Французский словарь Le Robert (1993) так толкует понятие менталитета, очевидно заимствованное нами из франкофонной среды: «Mentalité – ensemble de croyances et habitudes d’esprit qui informent et commandent la pensée d’une collectivité commune à chaque membre de cette collectivité». Перефразируя, добавим: менталитет – это своего рода игра в ассоциации, устанавливающая между базовыми для этноса понятиями связи, нетривиальные с точки зрения другого этноса.
Проследить связь понятий коннотации и менталитета и есть одна из основных задач нашего исследования.
Вводя контрастивную тему, мы осторожно пользовались словами аналог, эквивалент применительно к словам разных языков, обозначающим приблизительно или в точности одно и то же. Вопрос «Что такое эквивалент данному понятию в другом языке и какие эти эквиваленты бывают» представляется нам достаточно сложным и требующим отдельного обсуждения.
Что такое эквивалент? Типы эквивалентов
О несовпадении понятия в двух языках (обозначая ситуацию таким образом, мы как бы намекаем, что рассматриваем некоторый концепт, смысловой инвариант, и его обозначения в разных языках) очевидным образом свидетельствует затруднение, возникающее при его переводе с одного языка на другой (38). Всегда проще оперировать не отдельным словом, а контекстом, который допроявляет смысл, нюанс значений слов и, в частности, того слова, над которым мы в данную минуту ломаем голову. Так, например, чтобы перевести на французский язык уже цитировавшееся слово страх, нужно назвать десяток слов, среди них окажутся обозначения также и пограничных с ним состояний, например, angoisse, весь синонимический ряд, а это уже не перевод, а обозначение семантического поля… А вот контекст сразу подсказывает, в сторону какого страха нужно «двигаться». Если мы хотим перевести на французский язык «он томился неведомым страхом, сам не зная отчего», уместно использовать angoisse, а если «он старался побороть свой страх, считая недостойным испытывать его по столь ничтожному поводу», то уместно употребить épouvanté или peur, в зависимости от дополнительного, подсказанного более широким контекстом смыслового нюанса.

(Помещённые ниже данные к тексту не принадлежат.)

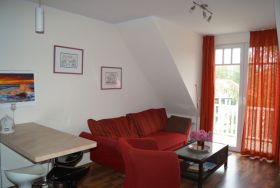 Zu der Ferienwohnung gehören außerdem ein Balkon, ein Fahrradschuppen und ein PKW-Stellplatz.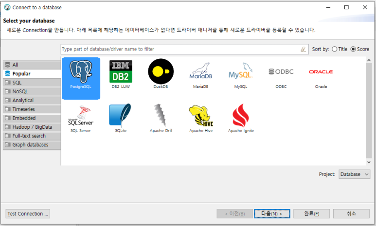 이 중 우리는 Postgre SQL을 사용하기 때문에 가장 먼저 나와 있는 PostgreSQL을 클릭하고 다음 버튼을 클릭한다. 클릭하면 Connection에 필요한 정보를 기입하는 창이 나온다.

Этот факт с очевидностью свидетельствует о том, что языки не слишком приспособлены для взаимного перевода, каждый переводчик сталкивался с переводческими муками, которые в том и заключаются, что «подогнать» один язык под другой – задача невыполнимая, даже если перевод конкретных слов прост и с легкостью отыскивается в словаре. При этом каждый переводчик знает, что есть слова, которые вообще на другой язык не переводятся.
Но как же так? Антропологи и в частности Э. Б. Тэйлор, которого мы цитировали в самом начале этой главы, утверждали, что глобально между этносами мало различий, все люди озабочены выживанием, безопасностью, достижением целей продолжения рода и процветания. Об этом же толкуют и многие социологи, создавая различные модели потребностей (пирамида потребностей Маслоу, например), которые вовсе не обнаруживают национальной специфики (39). Ответ прост: в конкретном, непридуманном, немифилогизированном бытии много универсального. Отличия обнаруживаются в мире придуманном, абстрактном, в тех мифах, которыми различные этносы обернули свое существование. Применительно к нашей теме важно уяснить следующее: там, где есть проблема перевода, есть специфика менталитета, там, где ее нет, мы говорим о человеческой феноменологии, а не о локальной системе отражения предметов, понятий, идей.